На протяжении всего вечера я периодически посматривала на Адама, что, помимо прочего, давало мне дополнительный стимул к продолжению поисков. Взгляд у него ясный, смышленый и приветливый, а при разговоре он смотрит прямо в лицо собеседнику, внимательно и вдумчиво.
К полуночи в доме не осталось ни единого необследованного уголка. Рисунок будто испарился. Сидя на кухне за стаканом апельсинового сока, я поняла, что при завтрашней встрече с Четвергом у меня будет только два выхода: сказать ему всю правду или же предъявить другой, похожий рисунок, воссоздав его по памяти. То был незатейливый набросок, и нарисовать что-то подобное не составило бы мне труда, но сделать точную копию? Это было нереально.
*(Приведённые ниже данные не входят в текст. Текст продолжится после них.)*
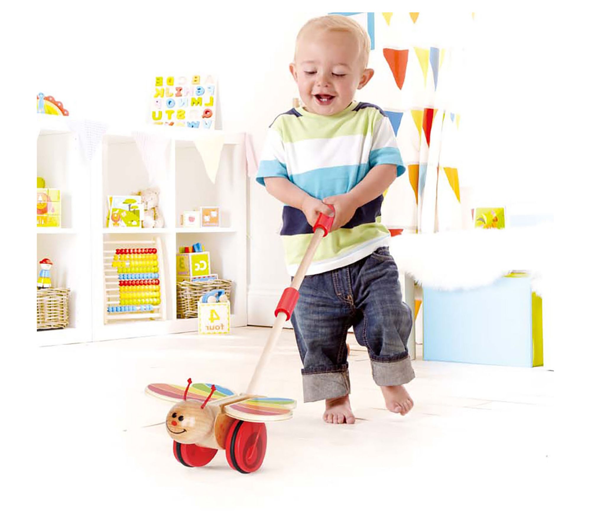 Watch your little one light up with joy as they chase after this adorable butterfly walking toy. A gentle push or pull sets the rainbow-colored wings in motion, captivating your child's attention while encouraging them to walk and run. From Hape.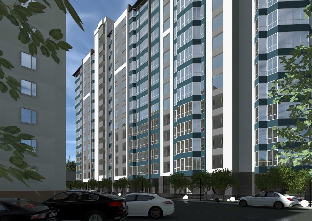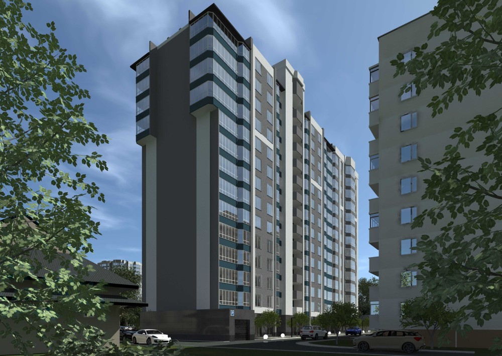 Будинок 14-ти поверховий, каркасно-монолітний. Зовнішні стіни з газоблоків товщиною 300 мм із утепленням мінераловатними плитами, оздоблені декоративною штукатуркою. Вікна та лоджії засклені.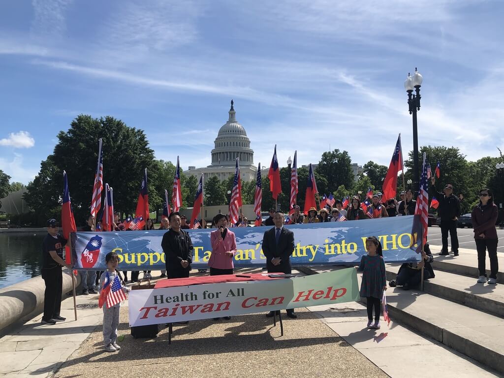 旅美台僑 11 日在華府國會山莊前舉辦支持台灣出席世界衛生大會活動。與會者強調台灣對全球公衛體系重要性,呼籲世衛組織勿政治化,應回歸專業,實踐「人人享有健康」宗旨。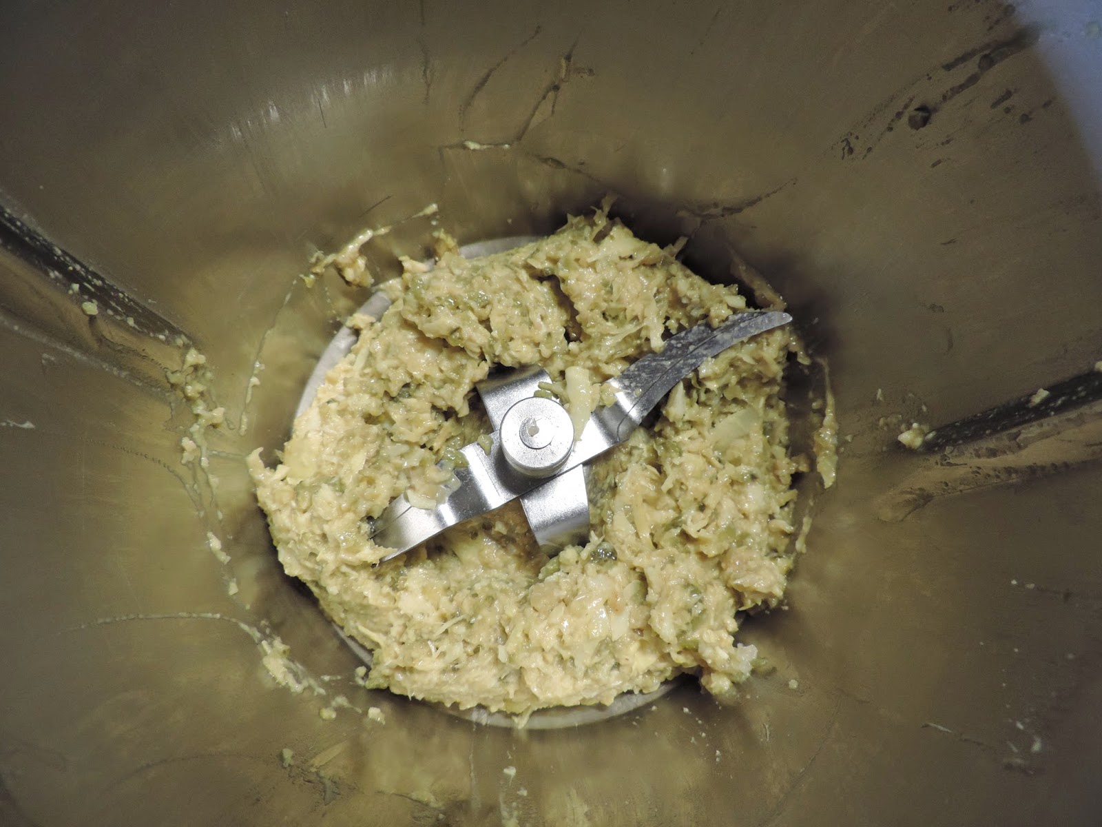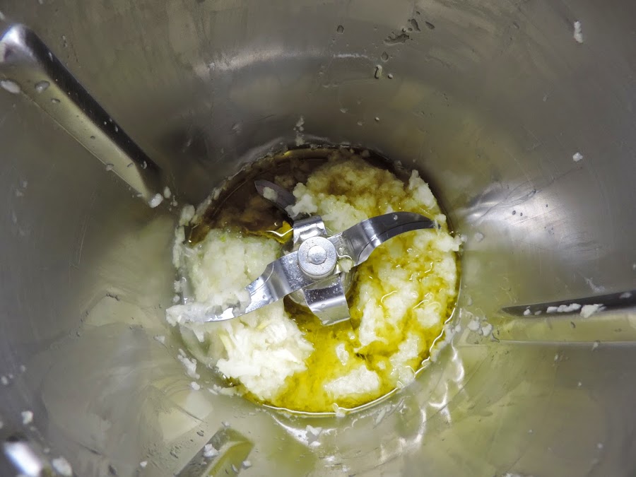 Picamos la cebolla, 20 segundos, velocidad 5, añadimos 2 cucharadas de aceite de oliva.

Я вернулась в гостиную и взяла свой планшет с зажимом для бумаги. По крайней мере, бумага будет точно такой же. Вилли купил сразу большую пачку в пятьсот листов, потому что она была дешевой и прочной, и мы оба охотно ею пользовались. Сделав ошибку, ты без сожаления комкал лист и бросал его в корзину. Вполне возможно, что я точно так же бессознательно скомкала и выбросила тот самый злополучный рисунок.
Итак, девочка, стоящая под деревом. Маленькая девочка в джинсах. Каштановое дерево. И больше ничего. Что в нем могло быть такого особенного?
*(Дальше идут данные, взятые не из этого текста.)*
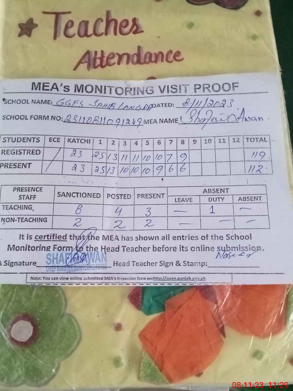 | Attendance Register | Head Teacher | MEA with School | Visit Proof |
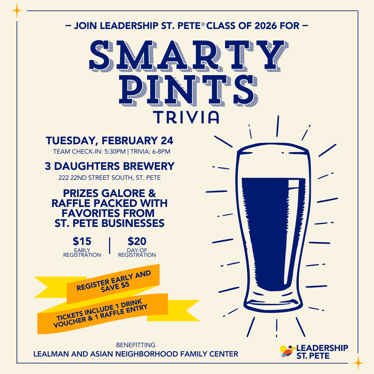 Leadership St. Pete® is proud to partner with local nonprofits to raise funds, lend expertise, and collectively provide hands-on help for a large-scale project. This year, our class is honored to partner with Lealman and Asian Neighborhood Family Center (LANFC), where we’ll build a new bridge and expand outdoor spaces for their youth. This trivia event is our first public fundraising event as we work toward our goal of raising $50,000.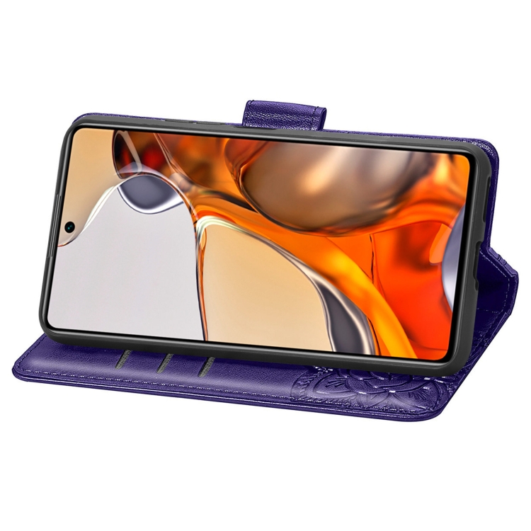 Para Xiaomi Mi 11T / 11T Pro Butterfly Love Flowers En Relieve Funda de Cuero de Flip Horizontal con Soporte y Ranuras para Tarjetas y Billetera y Cordón (Morado Oscuro)

Работа заняла пять минут; следующие пять минут я мысленно сравнивала рисунок с тем, что сохранилось в памяти, и еще пять минут неподвижно просидела с планшетом на коленях, понимая, что все это бесполезно. Всего пятнадцать минут от начала и до конца.
* * *На другой день в кафе я еще не успела опуститься в кресло, как Четверг нетерпеливо забарабанил пальцем по краю мраморного столика.
– Вы нашли его? Принесли?
– Да, он в моей сумке.
Его напряжение как рукой сняло. Лицо расслабилось, палец замер на столешнице вместе со всей ладонью, и старик облегченно откинулся на спинку бархатного кресла.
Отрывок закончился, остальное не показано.